RAMPUR: More than half the voters in the Indian city of Rampur are Muslim, but its member of parliament is a staunch supporter of Prime Minister Narendra Modi’s muscular Hindu-first agenda.

It is a situation repeated across Hindu-majority India, where many consider victory for Modi’s ruling Bharatiya Janata Party (BJP) in upcoming general elections a near certainty – and see Muslim candidates as a recipe for defeat at the ballot box.

While India’s 220 million Muslims make up a little under a fifth of its 1.4 billion population, Muslim representatives in parliament have almost halved to less than five per cent since the 1970s.

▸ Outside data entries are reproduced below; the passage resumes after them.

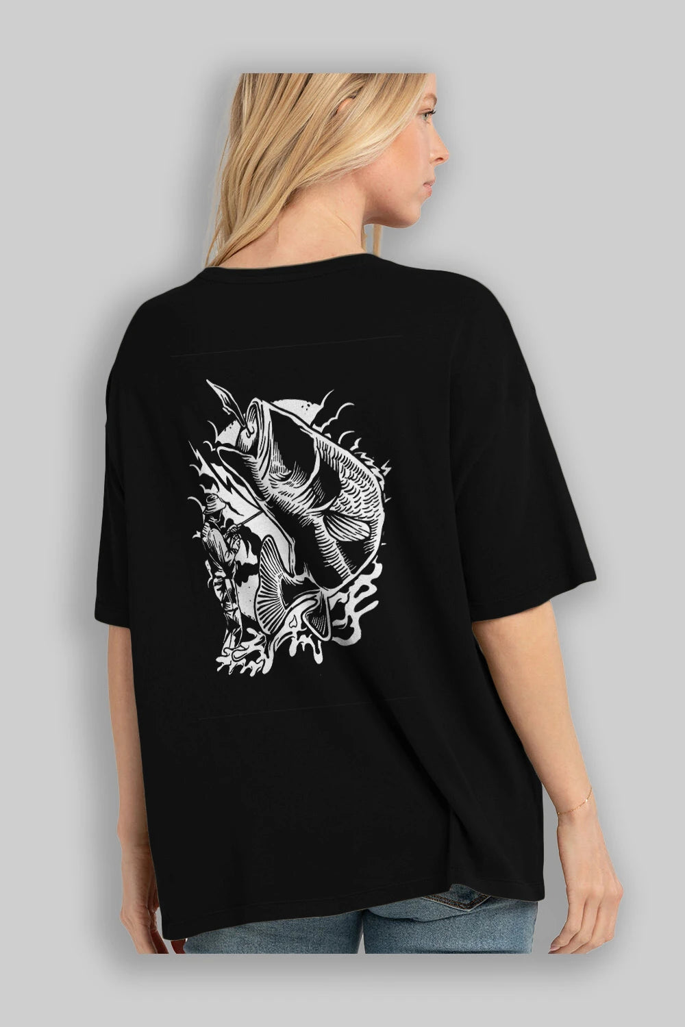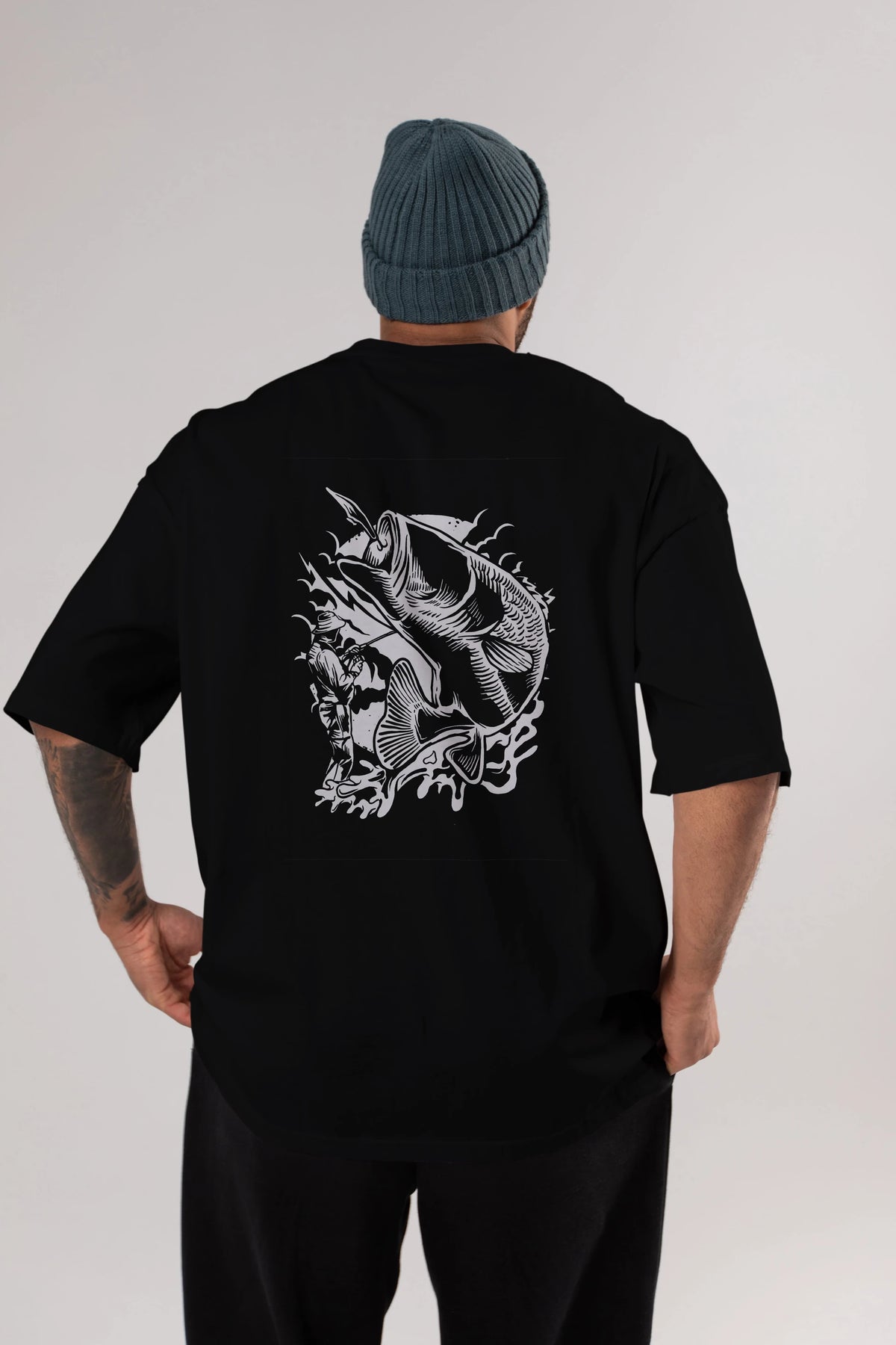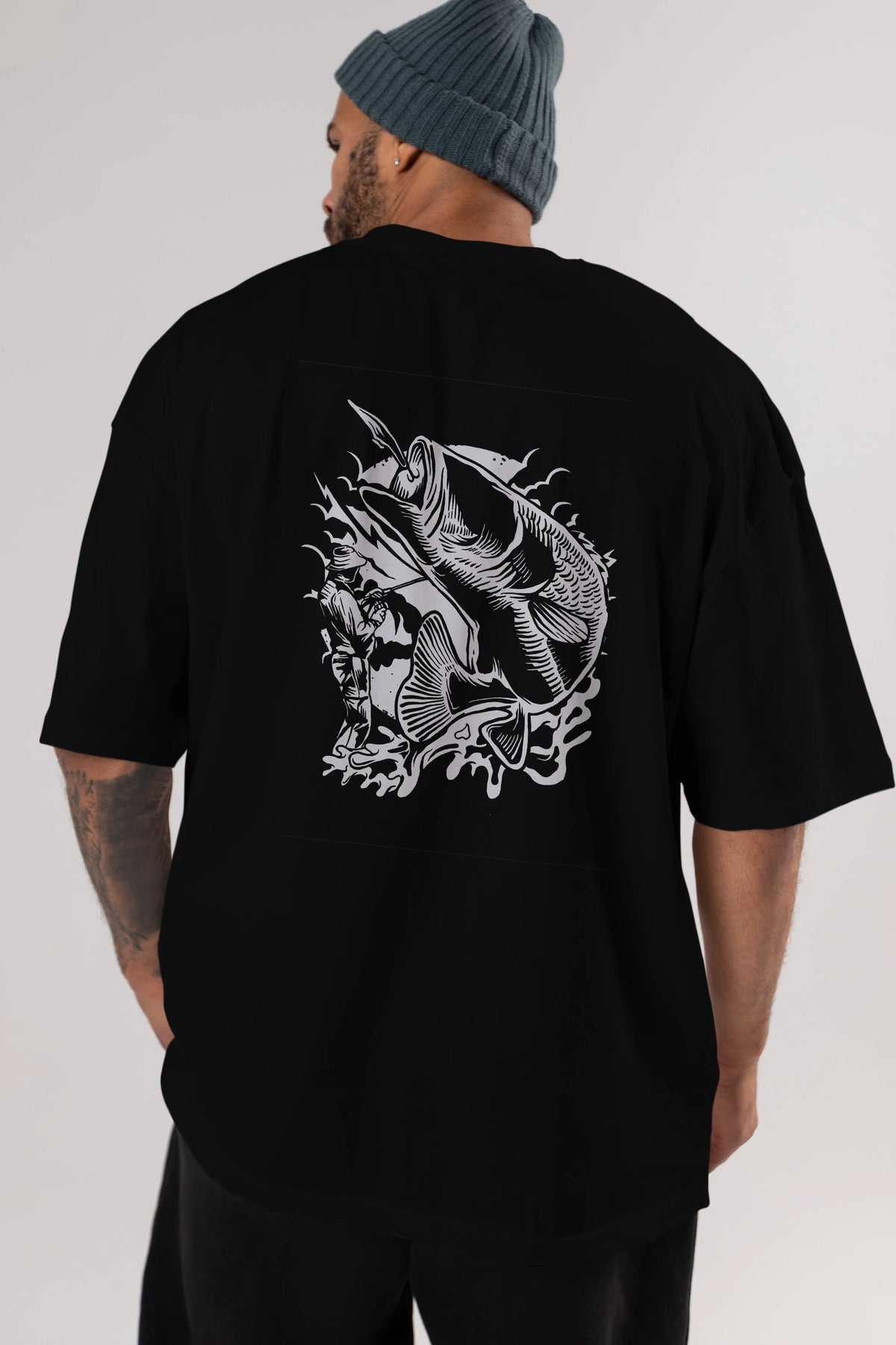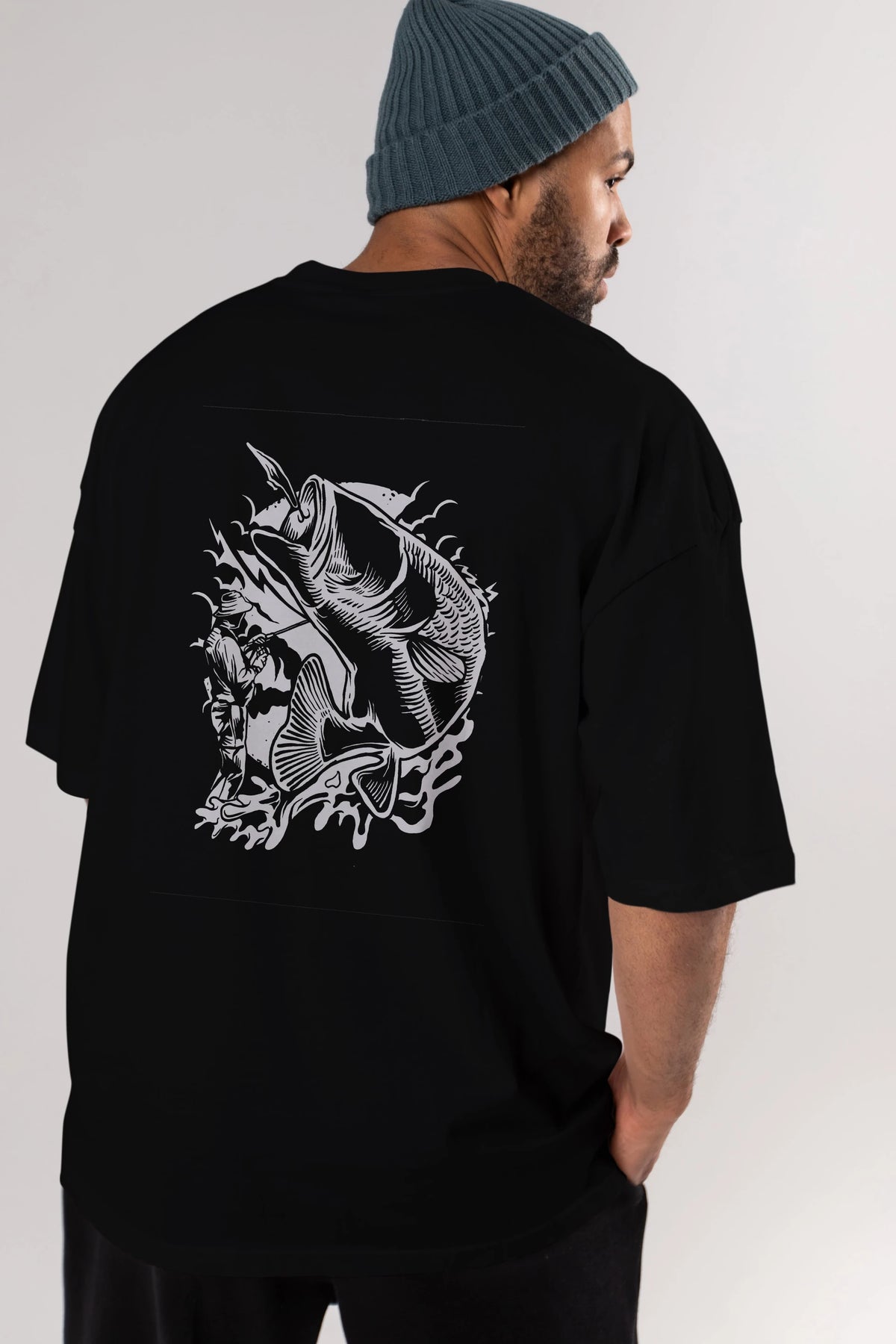 Fisherman Arka Baskılı Oversize t-shirt Erkek Kadın Unisex %100 Pamuk
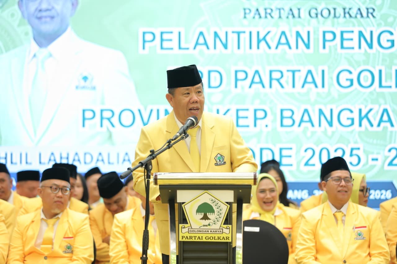 PANGKALPINANG – Ketua Umum Partai Golongan Karya (Golkar), Bahlil Lahadalia, secara resmi melantik Hidayat Arsani sebagai Ketua Dewan Pimpinan Daerah (DPD) I Partai Golkar Provinsi Kepulauan Bangka Belitung (Babel) periode 2025–2030. Pelantikan tersebut berlangsung di Hotel Grand Aston Emidary, Pangkalpinang, Minggu (25/1/2026)
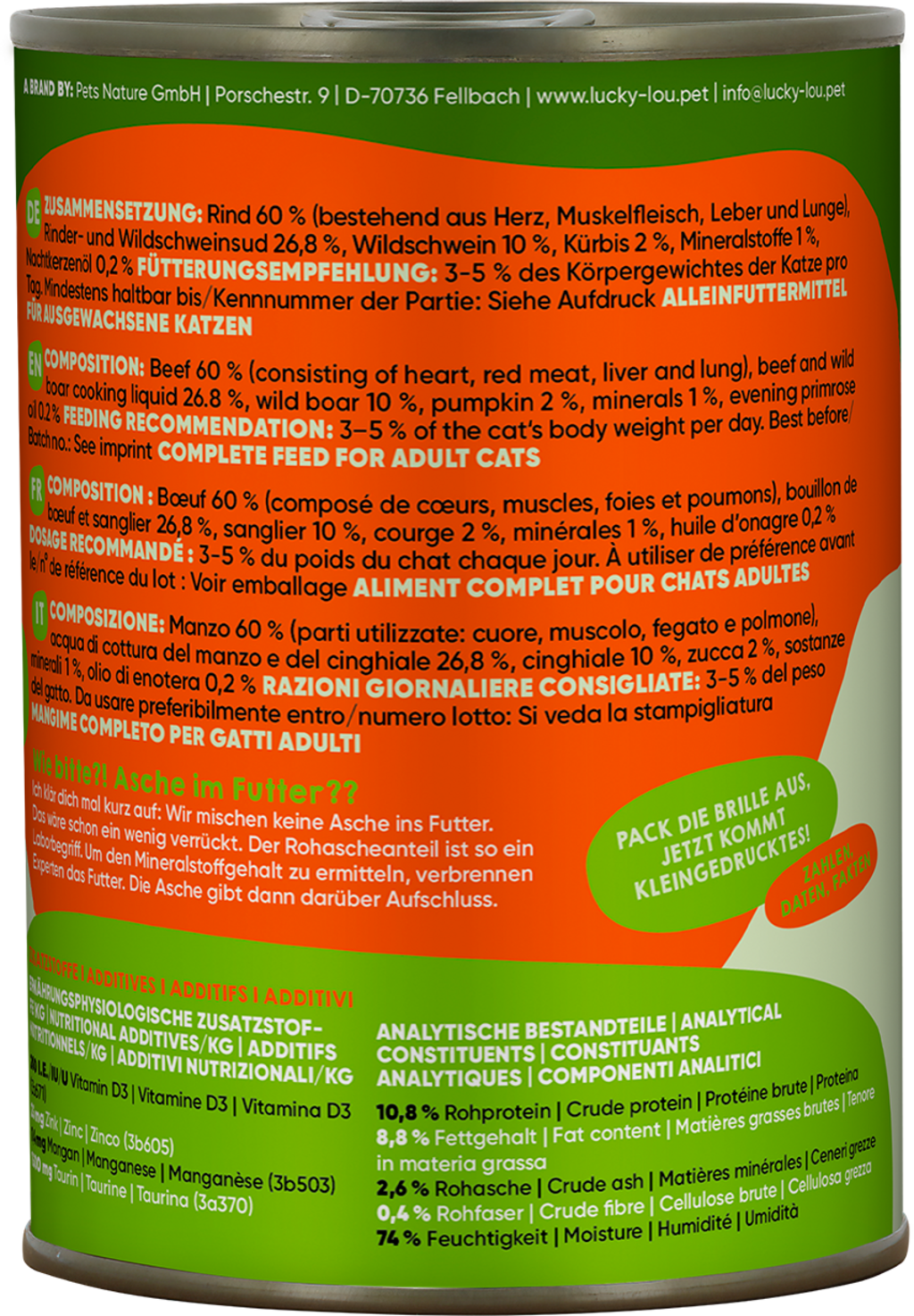 60 % Beef (Heart, Muscle meat, Liver, Lung), 26,8 % Beef and wild boar broth, 10 % Wild boar, 2 % Pumpkin, 1 % Minerals, 0,2 % Evening primrose oil

“Everyone wants a connect with BJP,” said Ghanshyam Singh Lodhi, who is confident of re-election as MP for Rampur in Uttar Pradesh state when the six-week-long elections begin on Apr 19.

Lodhi, a Hindu, replaced Rampur’s Muslim MP in a 2022 by-election, jumping ship from the last lawmaker’s party to become a BJP loyalist.

Muslim leaders worry at the lack of representation. There were just 27 Muslim MPs in the 543-seat lower house in parliament – and none of them were among the BJP’s 310 lawmakers.

Ziya Us Salam, author of a book on Muslims in India, says members of the faith had for decades placed their trust in secular parties, a process that created an “acute absence of Muslim leadership”.

Today, an overtly Muslim leader would be challenged as stoking sectarian divisions, yet few question when Modi champions constitutionally secular India as a “Hindu Rashtra”, or Hindu state.

“Nobody talks of (Modi) being the leader of only Hindus,” Salam said.

He also argues that successive gerrymandering policies since independence in 1947 have redrawn electoral boundaries to split areas with substantial Muslim populations.


Rampur has elected Muslim MPs 15 out of 18 times since 1952.

But Kanwal Bharti, a 71-year-old activist and writer from the city, said the BJP’s dominance means that it “doesn’t seem possible anymore” for a Muslim candidate to win Rampur.

Rampur’s last Muslim MP was veteran politician Mohammad Azam Khan – but he quit after more than 80 legal cases were brought against him, ranging from land grabbing to intimidating government officials.

His supporters said many of the accusations were years old and that charges had only been belatedly brought after the BJP won state elections in 2017.

Khan was jailed for three years in 2023 for hate speech against BJP rivals.